I think at this point it might also be interesting to know how many AMD CPUs are really affected, and whether there is maybe any point in reverting the main repos back to an older kernel until the cause of this is found.

Comment 5 Ali 2020-11-22 16:31:30 UTC
 This Bug also happened for me. There is no specific reason that I can guess, 
but system will crash randomly after some unknown minute. it happened after I 
upgraded to kernel 5.9 .

Comment 6 ell1e 2020-12-03 03:32:59 UTC
Was there ever any consideration of a rollback until this is investigated? This seems like quite a disruptive regression, especially for an innocuous mid-cycle update.

Comment 7 ell1e 2021-01-23 14:02:16 UTC
I tested an upstream kernel now where it also happened, and made an upstream ticket: https://bugzilla.kernel.org/show_bug.cgi?id=211317

Comment 8 Jan Dobes 2021-01-27 10:18:34 UTC
Happens also to me (CPU Ryzen 3200G) after upgrade to F33, it's not always swapper process, I saw also chrome process causing this.

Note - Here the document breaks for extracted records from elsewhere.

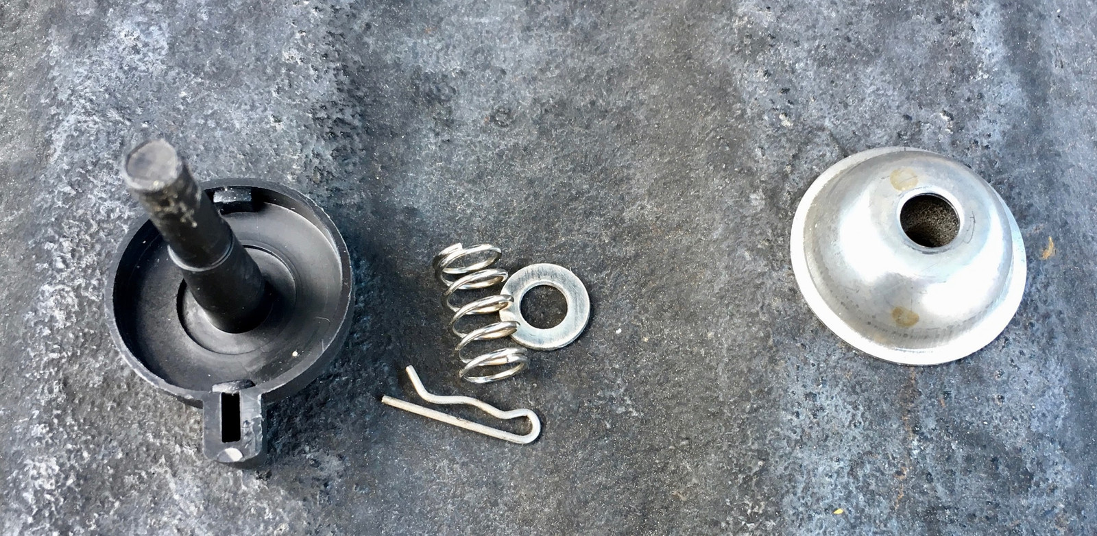 Flipping it over, there’s a metal dish, a spring, a washer, a cotter pin, and the actual plastic shaft. Remove the cotter pin, and the whole thing pulls apart.
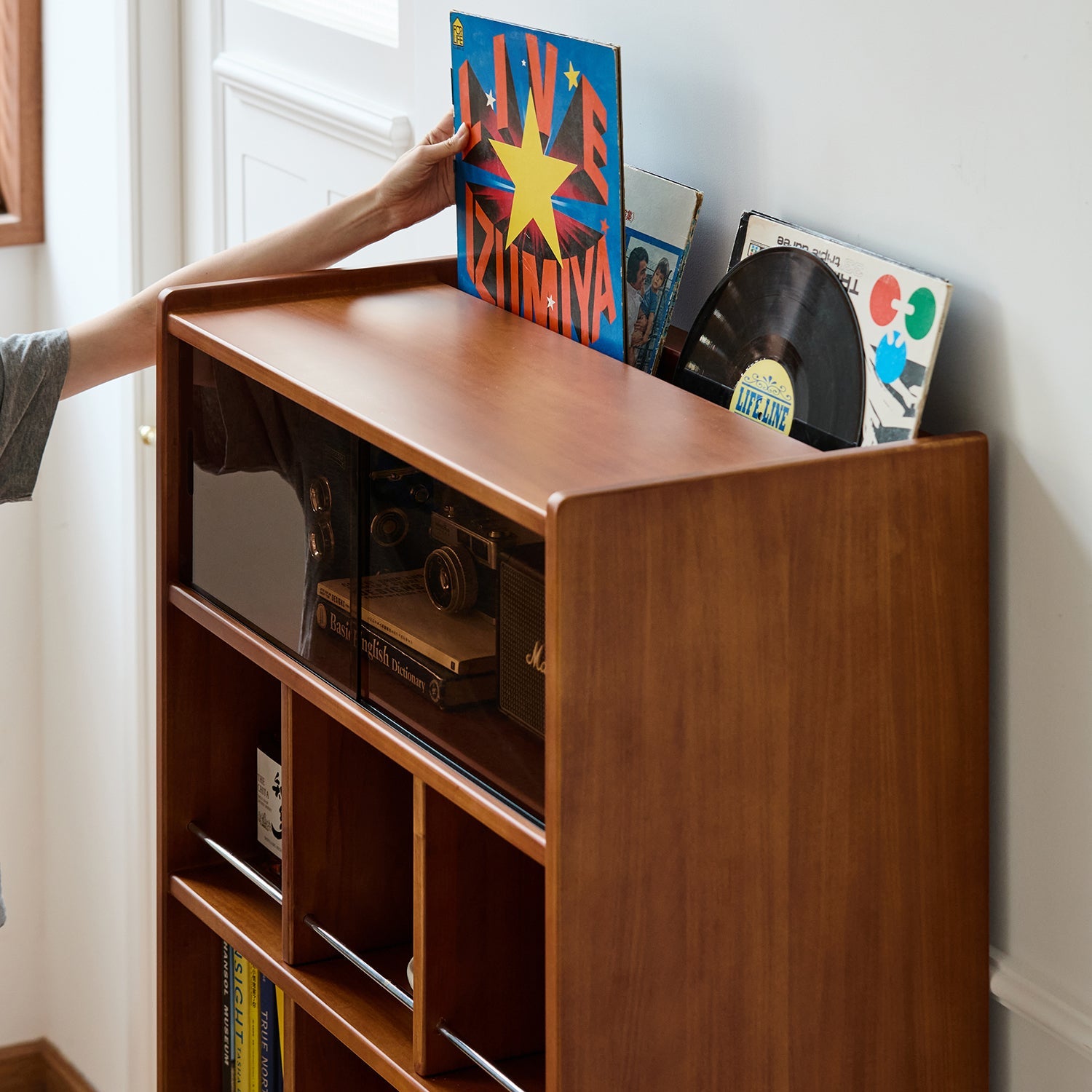 Multiple partitions and recessed zones let you showcase books records or decor while keeping everything neatly organized |
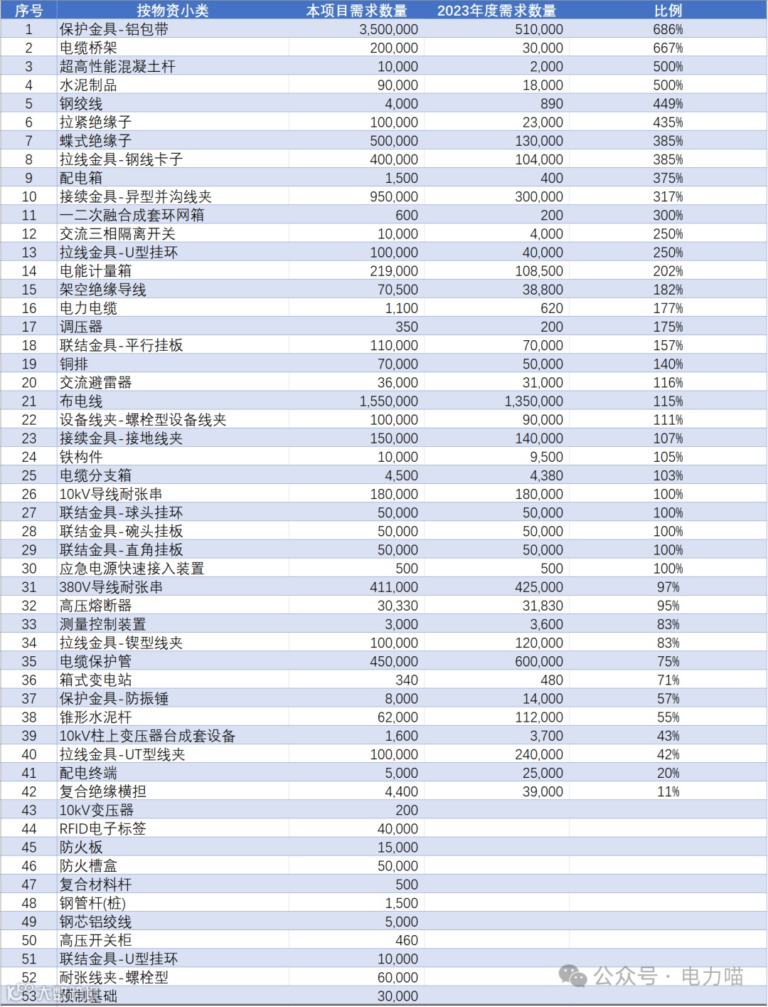 根据“国网陕西省电力有限公司2024年第一次配网物资协议库存”项目信息,按物资小类角度,本次共有53个物资小类产生需求。
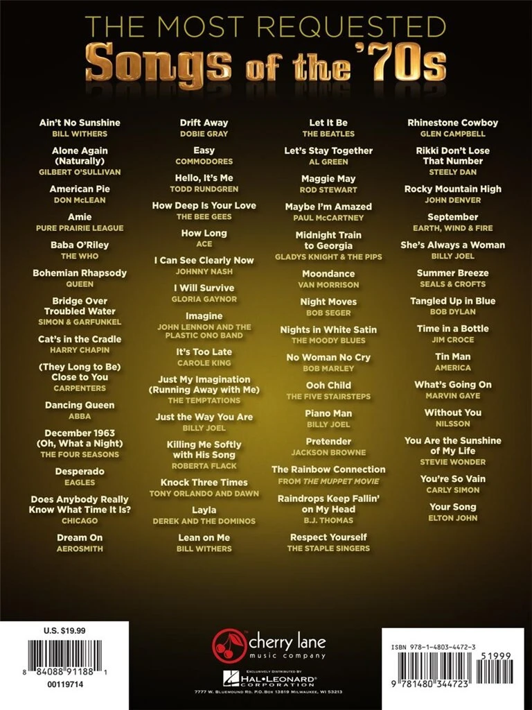 Mit Songs von: Bill Withers, Gilbet O'Sullivan, Don McLean, The Who, Queen, Simon & Garfunkel, Carpnters, Abba, The Four Seasons, Eagles, Chicago, Areosmith, Dobie Gray, Commodores, Todd Rungren,

Now I've updated to 5.10.10-200.fc33.x86_64, no freeze yet but I'm getting kerneloops with reason "BUG: Bad page state in process swapper/0" like every minute now. Definitely some change here even it doesn't seem fully fixed yet.

Comment 9 ell1e 2021-01-27 17:43:22 UTC
My exact CPU is AMD Ryzen 5 1600, and I tested 5.11.0-0.rc4.129.vanilla.1.fc33.x86_64 which I assume is newer? So maybe you seeing no freeze yet might have just been coincidence or something, who knows. (Or maybe it affects different Ryzen gens differently?) I do hope there will be some sort of kernel bugzilla response soon.

Comment 10 ell1e 2021-02-04 21:28:31 UTC
Will a package pin on 5.8 in dnf get removed by an upgrade to Fedora 34 (since I assume that one no longer ships 5.8 officially)? If yes then this is actually kind of a significant upgrade blocker... I'm actually not sure if even the installer would run without a freeze, possibly messing up the install, since it boots into its own initramfs thing :(

Comment 11 ell1e 2021-03-29 00:24:48 UTC
Just a reminder this basically turns computers unusable, I might as well switch to FreeBSD or Debian Stable at this point once Fedora 33 support runs out. Is there ANY plan to have this looked into?

Comment 12 ell1e 2021-04-15 06:24:26 UTC
This appears to have been fixed in 5.11.11-200.fc33.x86_6 (or earlier), I can no longer reproduce after running the machine for days. Unless somebody protests soon, I will close the ticket.

Comment 13 Jan Dobes 2021-04-29 14:52:38 UTC
I'm running this kernel for several weeks and I can no longer reproduce it as well.